Now, when you're blessed with an Adonislike physique that quite often overshadows your incredible wit, you get used to this sort of request. Still, given the setting, it struck me as kind of odd. After a little questioning, he confessed. Twenty years ago, he told me, his college roommate "used to have your look..."
Hmmm. Unless that sentence ended with "...but then there was that tragic incident with the pack of feral wolves and the overzealous Botox clinician," there's no way
that's good news.
Maybe I'm just a little oversensitive. In my pre-beard days, I've been compared to Rick Moranis by small children. Now that I have a beard, I've been compared to Michael Moore by
my own children. Quite a complement, I know, but the strange part is that I weigh about 140 pounds.

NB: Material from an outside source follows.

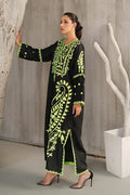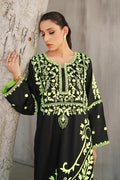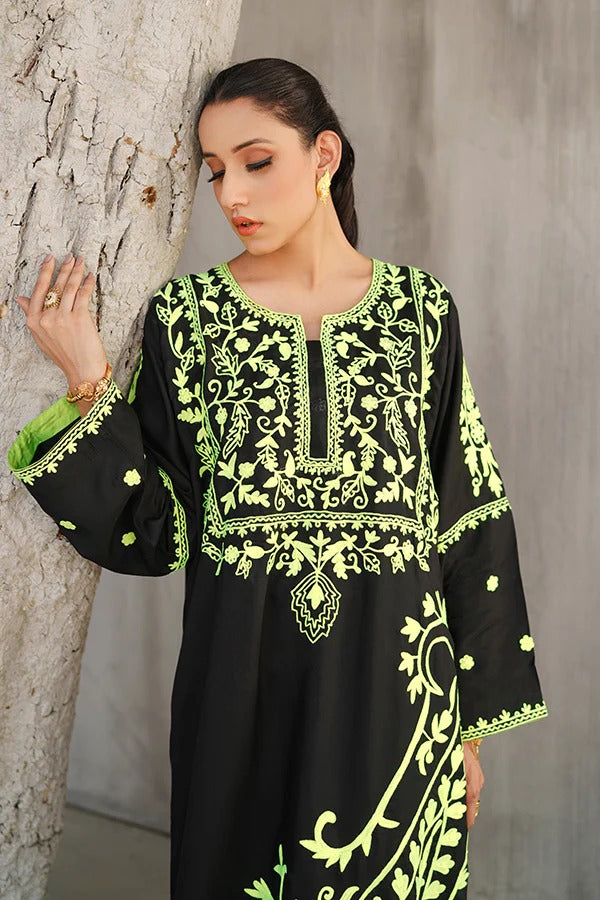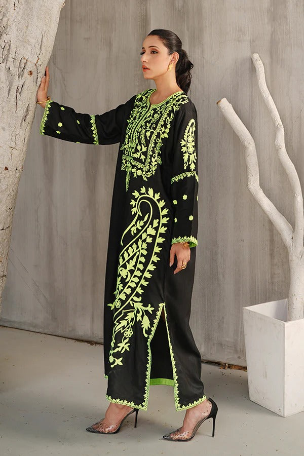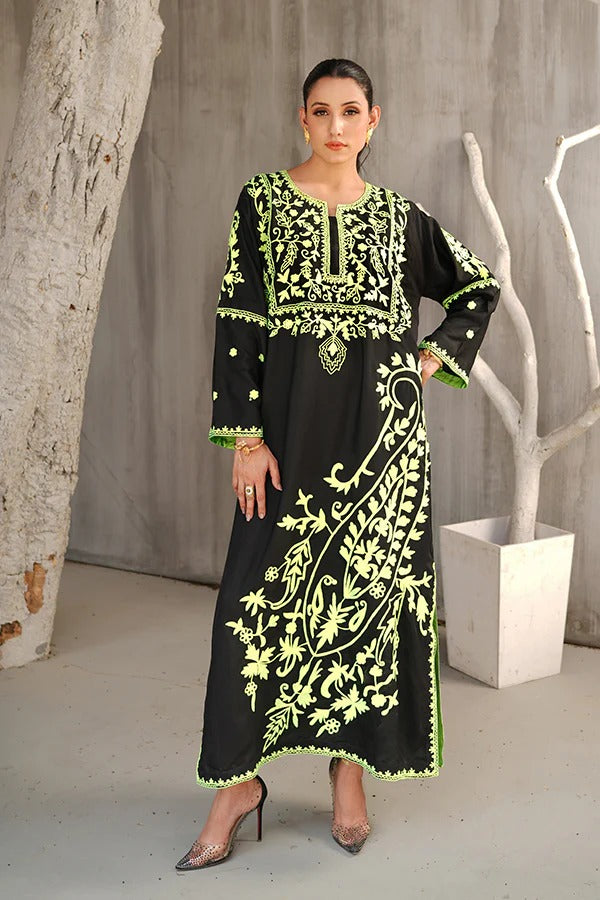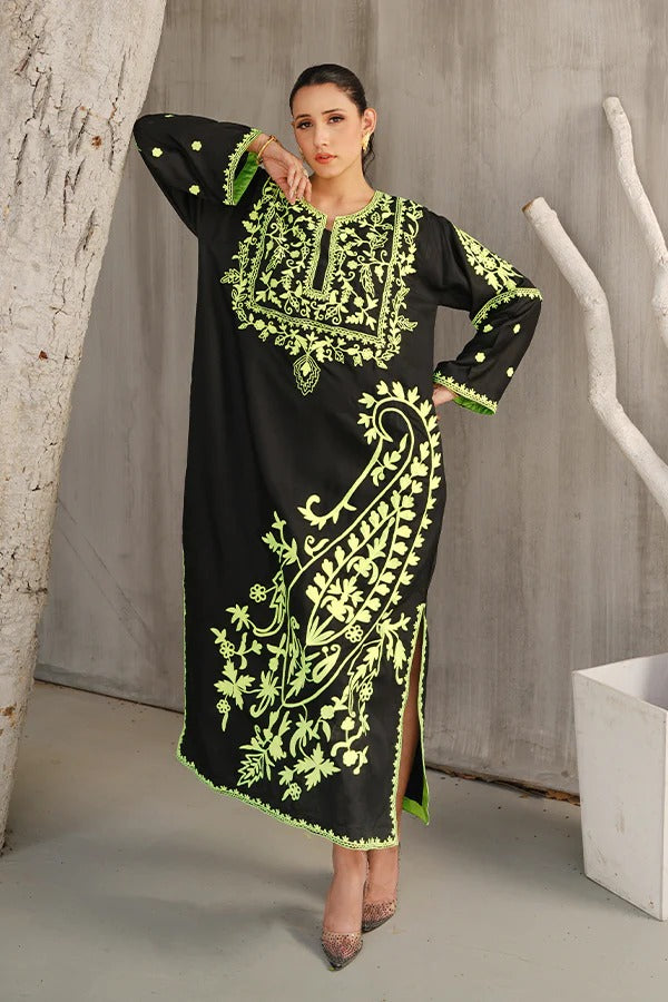 This striking ensemble showcases a full-length kaftan, a timeless silhouette known for its flowing elegance and effortless charm. Crafted from soft and breathable cotton silk, the kaftan offers a perfect balance of comfort and luxury. The fabric’s natural sheen adds a subtle richness, making the outfit suitable for both casual sophistication and formal wear. The kaftan is rendered in classic black, serving as a bold and versatile base that highlights the detailed embroidery beautifully. Adorning the entire surface are intricate embroidered motifs, thoughtfully spread across the front, back, and sleeves. These embellishments feature paisley patterns—a traditional motif with Persian origins, often associated with timeless grace and cultural heritage. The paisleys are finely detailed, possibly stitched using tonal or contrasting threads to create depth and texture. The embroidery may be highlighted with subtle hints of metallic threadwork, lending a delicate glint to the overall look without overpowering its minimal sophistication. The loose, floor-length cut of the kaftan drapes fluidly over the body, allowing for graceful movement and a universally flattering fit. Its relaxed structure is often cinched slightly at the waist or left completely free, depending on the desired look—whether flowy and bohemian or more structured and formal. This black paisley kaftan is a perfect statement piece for festive gatherings, evening dinners, or cultural occasions, offering a fusion of traditional artistry and modern elegance wrapped in comfort.

Lest you think this guy was trying to get a picture for a fake passport or something, he did mention his friend's name, and I did, of course, Google it. While I don't think
this guy was his style-challenged roommate, it's yet another flattering comparison.
The moral of this story? Avoid free tickets to concerts headlined by
former '60s idols. The things I'll do to get out of the house...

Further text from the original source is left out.